Holding steady
I’ve been doing okay since my recovery from the trip aftermath. Since A passed, I’ve been doing a lot of reading about what happens when, and after we die, and I think I have a grasp (as much as one can have on something completely unknown) on something that comforts me, at least in the sense that I know he’s all right. He’s better than all right. We’re all all right, and when we die, there is nothing to fear. I know that my mourning is for me, and about what I don’t have and what I have lost through his apparent absence in my world.
But at the same time, he hasn’t been absent. He lets me know all the time that he’s around and that he loves me. His words and actions and beliefs that he shared with me when he was here echo in memory at precisely the moments I need to hear them, as if he’d said everything I’d need to know now to get through this, before either of us knew that I’d have to get through this. It’s really nothing less than miraculous, and I’m grateful beyond words. But I wasn’t acting grateful. I was acting ungrateful, my thought processes along the lines “Well, this is better than nothing. I’ll take what I can get.” Which are not the words of gratitude; they’re begrudging. And if I believe that he is out there, which I do; and if I believe that he’s watching over me and always with me, which I do; and if I believe that he is not in fact "dead" (only his body died), but living a continuing life I can’t even imagine, which I do, well, then, perhaps I should start acting like it.

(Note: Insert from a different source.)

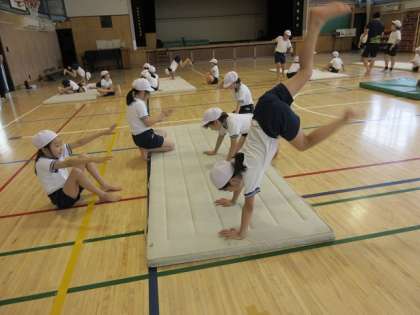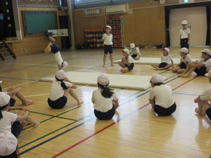 体育館では、4年生が「カエルの足打ち」という、マット遊びやマット運動の準備として行う、両手をしっかり広げて体重を乗せ、両足の裏を合わせる運動していました。

I’m not sure where that thought came from, but it hit me like a thunderbolt, and I’ve been doing my best to keep it in mind. It is, of course, easier said than done, but I can only do what I can do. Days after I had that epiphany, I broke down crying because his birthday is coming up, and he won’t be here for it. And then I went to bed, got up the next day, and tried again.
I wrote to him about how much I appreciated the signs he sent me to let me know I was loved and not forgotten. They played a huge, and I mean HUGE, part in my healing since he left. Without them, I honestly don’t know where I’d be. And I talked to him about how I was afraid if I got to feeling too much better, he’d stop sending them. And I made a deal with him that if he kept sending them, I’d do my best to get on with my life. The next day I got a big sign that he was on board, so big I had to chuckle. When I told my friend P about it, she said, “Now THAT’S devotion.” I said, “It is, and I’m so thankful.” His soul always shone brighter to me than any I’d ever known. It still does, and I am blessed.